Faison Zorn (Mackenzie Leigh) est une cheerleader, une de ces filles dont la mission est d'accompagner les héros durant toute la soirée, et elle a capté l'oeil de Billy Lynn. Celui-ci est vierge, et c'est la première fois qu'il s'intéresse de près ou de loin à une fille, et celle-ci le lui rend bien. Le conte de fées va virer saumâtre, pourtant, quand il va émettre devant elle l'hypothèse de rester pour profiter de leur idylle... Un réveil pénible pour le jeune homme, confronté à ce qu'on attend de lui: retourner, revenir encore plus médaillé...
Ou dans une boîte.
C'est un film au vitriol, une fois de plus, dans lequel Ang Lee cible non pas les soldats, dont les motivations sont rarement soulignées comme patriotiques, mais qui au moins ont eu l'occasion de faire quelque chose. Une fois rentrés, ils sont confrontés au vide intégral autour d'eux, vide des promesses éventuelles de rétributions, vide des célébrations durant lesquelles les écrans agitent l'image de héros, qui sont moqués dans les gradins par tout un tas de malfaisants et de jean-foutres (l'un d'entre eux attaque les huit hommes sur leur prétendues homosexualité, faisant référence au très controversé article de loi "don't ask, don't tell"), un roadie s'en prend même physiquement aux soldats... Le grand cirque médiatique, aussi caricatural soit-il (et je n'ai pas l'impression qu'il le soit tant que ça!), est l'occasion d'une charge violente contre la sous-culture jetable qui invente des héros pour vendre plus de Coca-Cola, et au final, les soldats restent seuls, face à leur mission, leur sacrifice (un mot qui n'en finit pas de ne plus vouloir rien dire) et leur incapacité à revenir au pays. Et quel contraste avec la douce philosophie humaniste du sergent Breem (Vin Diesel), le seul membre de la troupe à avoir donné sa vie en Irak, et qui a motivé l'action d'éclat (irréfléchie, motivée par ses sentiments) de Billy Lynn.

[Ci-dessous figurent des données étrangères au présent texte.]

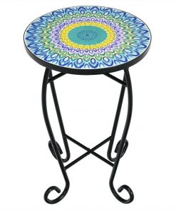 This Indoor/Outdoor Multi-Color Mosaic Round Side Accent Table Plant Stand is perfect for both indoor and outdoor use as a patio plant side table, a porch side table, any beach theme décor, just by a swimming pool or anywhere. Coming with modern design and exquisite appearance, this classic mosaic side table adds a touch of elegant charm to any home.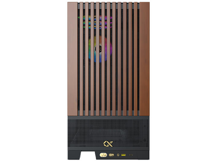 Endorphin WD 机箱正面采用三段式设计,上部为木制格栅面板,电源仓位置是点缀以富钧金色商标的 MESH 透风网孔,底部则是兼具前置 I/O 面板功能的脚座。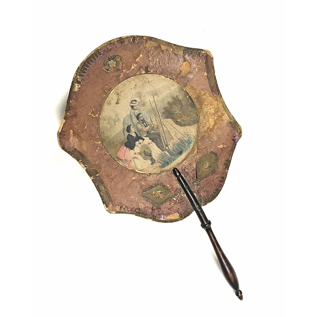 VICTORIAN PAPER / PAPIER MACHE FIRE FAN WITH WOODEN HANDLE AND IMAGE OF PAINTING SCENE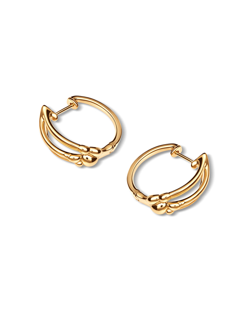 Diese Creolen aus strahlendem Gold sind mit einzigartigen blasenförmigen Verzierungen versehen, die ihnen eine verspielte und moderne Note verleihen. Sie sind mühelos vielseitig und lassen sich nahtlos von lässig zu schick wechseln, was sie zu einem unverzichtbaren Accessoire macht.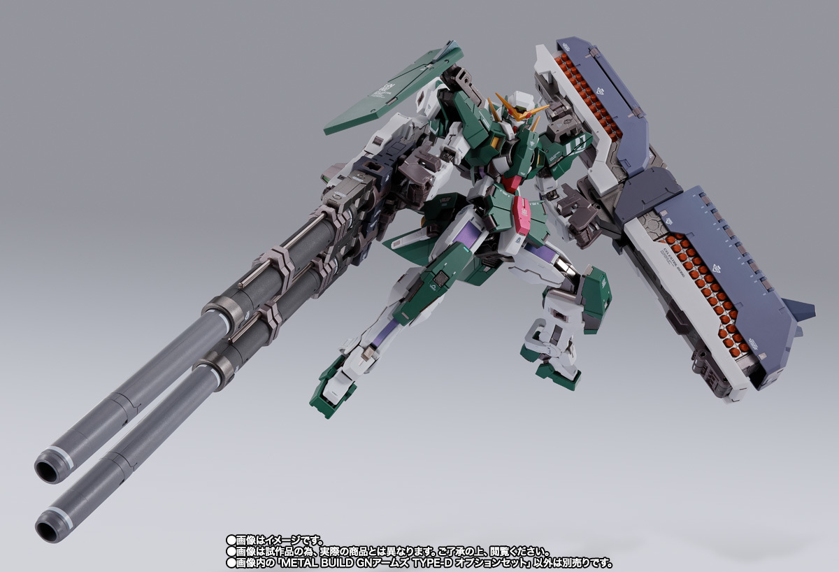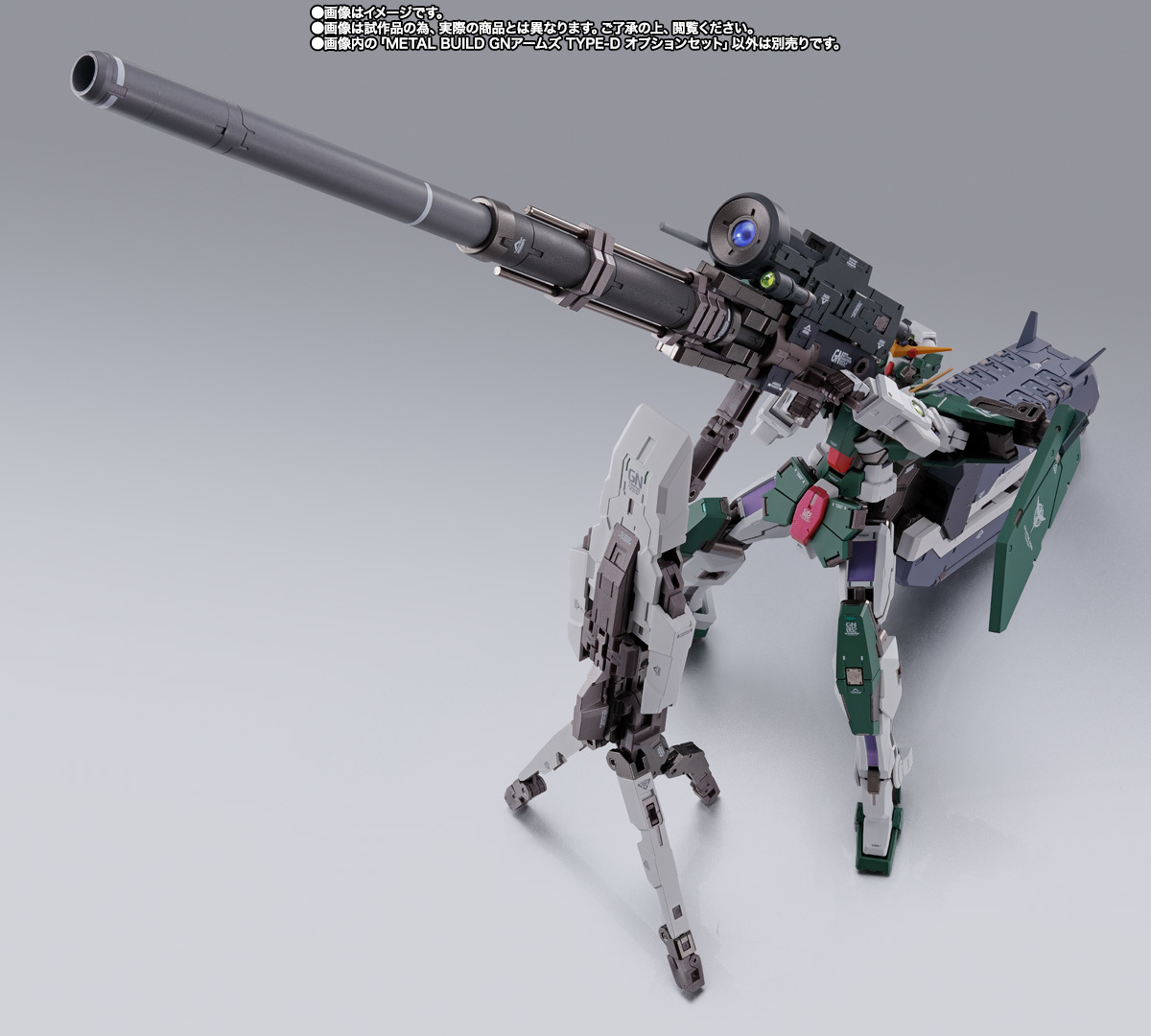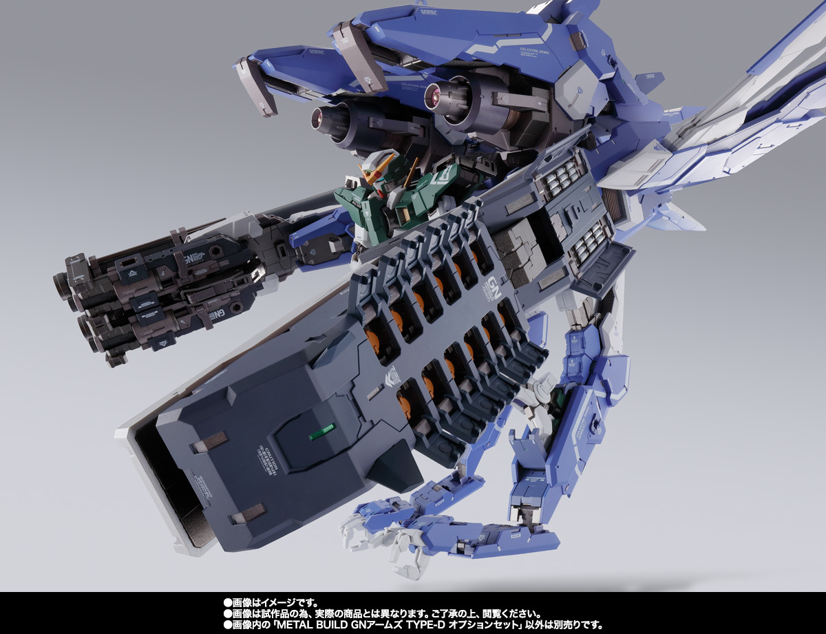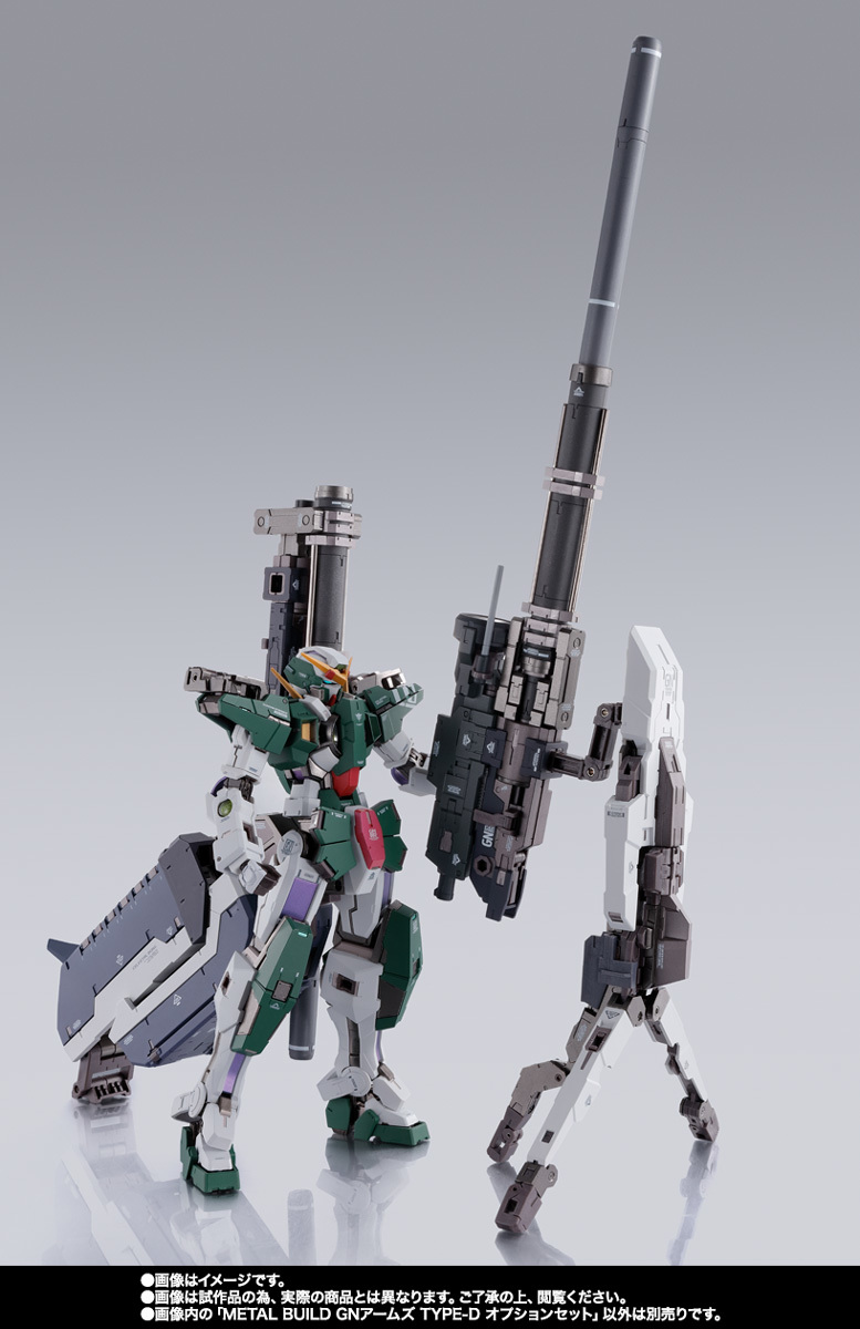 此次推出的「METAL BUILD GN ARMS TYPE-D 擴充零件組」內容包含了尺寸極為魄力的「二連裝大型 GN 步槍」、「超大型 GN 導彈艙」、「感測器組件」等武裝,在柳瀨敬之、海老川兼武等人的監修下賦予異於原作的設計,搭配另售的「GN ARMS TYPE-E」、「力天使鋼彈」本體就能進行換裝。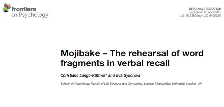 Lange-Küttner, C. & Sykorova, E. (2015). Mojibake: The rehearsal of word fragments in verbal recall. In Lehmann, M., Hasselhorn, M. & Jarrold, C. (Eds.) Research Topic: What is developed in the development of rehearsal? Frontiers in Psychology, 6, Article 350, DOI: 10.3389/fpsyg.2015.00350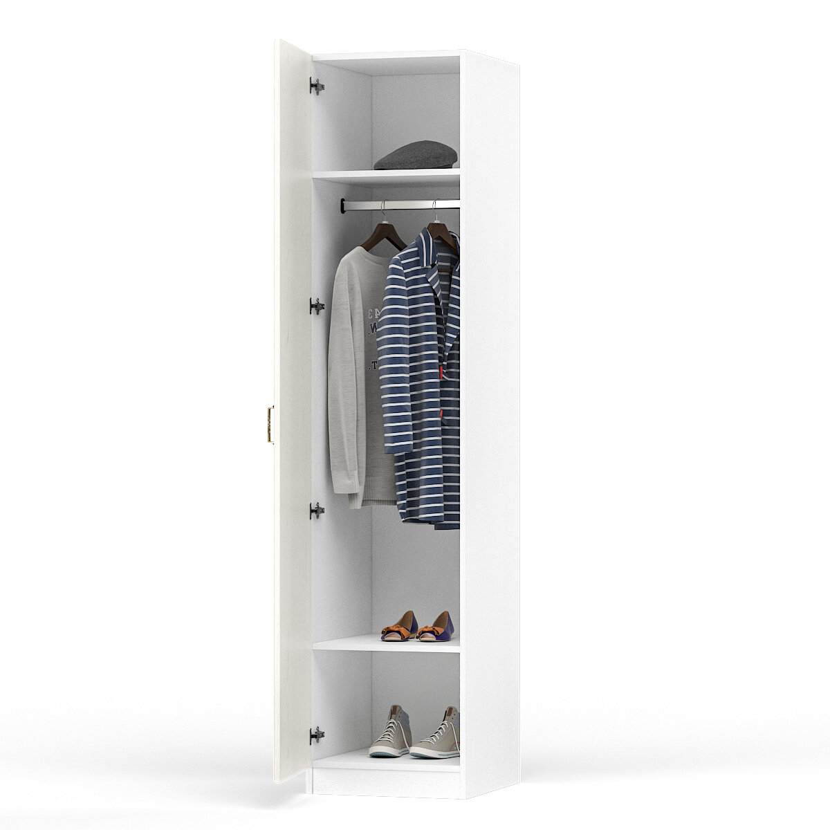 Шкаф для одежды распашной Нонтон Луас, 120 см, 7 полок и штанга, белый глянец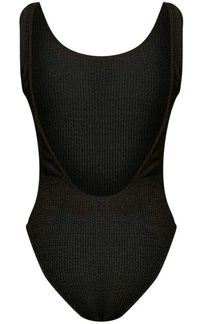 A vacay is calling your name and this swimsuit is on our hit list. Featuring a black crinkle material with a low scoop back and a figure-flattering fit. Team with some slides and sunnies for a look that won’t go unnoticed.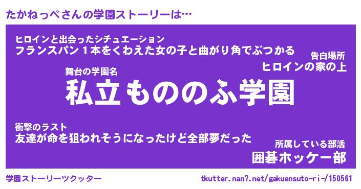 | 男性向けラノベタイトル風あだ名 | 『たかねっぺの憂鬱』 |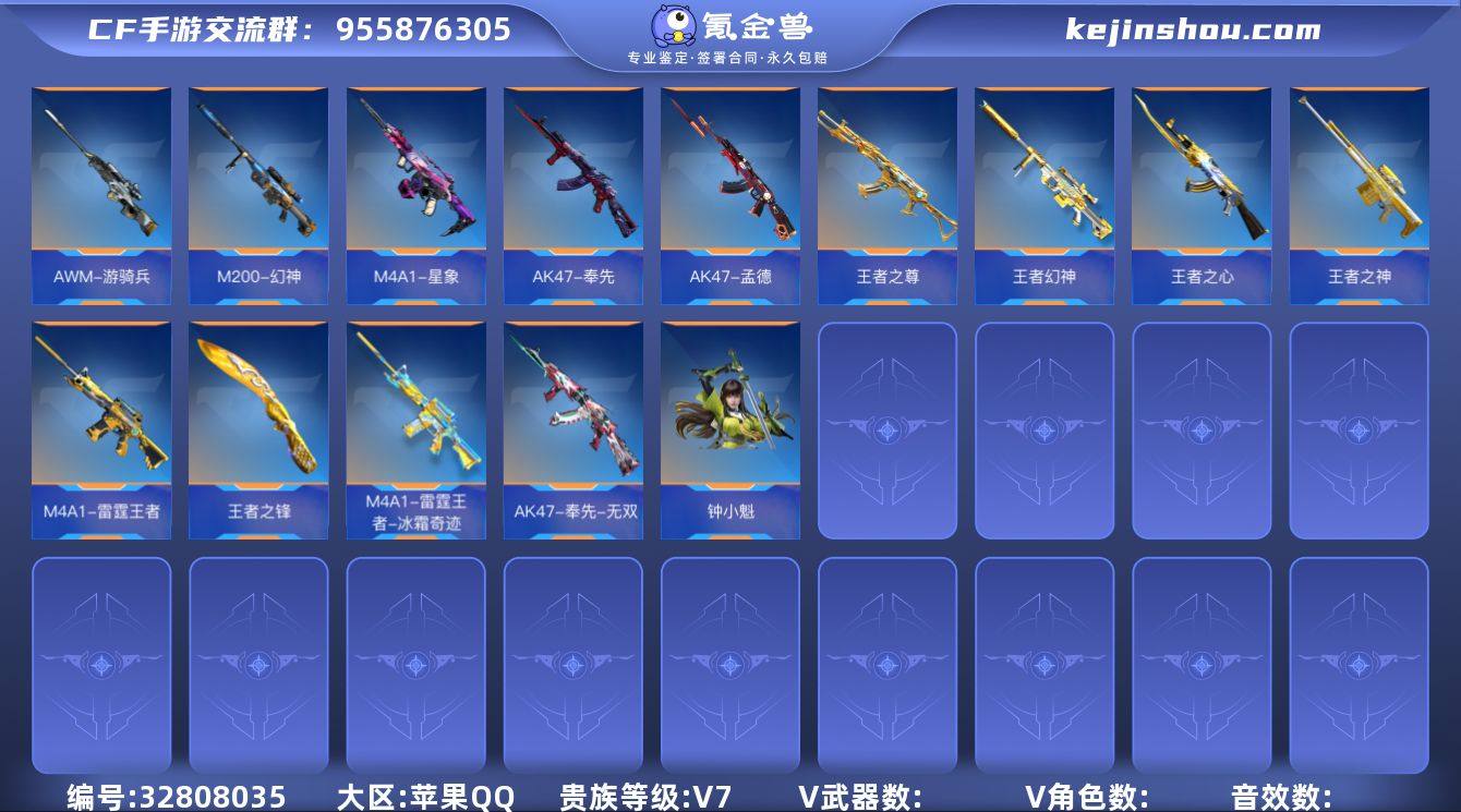 苹果Q☝贵族7☝钟小魁☝王者幻神-燃竞之巅☝M4A1一雷霆王者-冰霜奇迹☝AK47-奉先-无双☝AK47-孟德☝M4A1-星象☝AWM-游骑兵☝王者之锋-HeartShot☝王者之心☝王者之尊☝AN94-盖☝王者之神-冰霜奇迹☝M200-幻神☝C0P 357-雷霆☝COP 357-堕天神☝P90-雷暴王者☝M12S-天公☝王者之霆☝详细见图☝

Amer, donc, mais profondément indispensable, le film est bien différent de la démarche de Clin Eastwood, qui ne demande pas, lui, ce qui fait un héros. Que ce soit dans American Sniper, Sully ou même dans son abominable film sur les héros du Thalys, Eastwood partait du principe que ses personnages sont des héros, et évaluait les conflits, remous voire conflagrations nées de leur confrontation au monde. Dans ce film, Lee nous laisse poliment nous faire une idée, car ce qu'il voulait, c'était précisément nous mettre face au doute et au questionnement. Billy Lynn nous dit qu'il n'est pas un héros. Mais quel beau film... Un film qui bénéficie de l'oeil particulier de Lee pour recréer une époque, ce qu'il avait si bien fait dans Taking Woodstock, paradoxalement le film du cinéaste qui me semble le plus proche de celui-ci.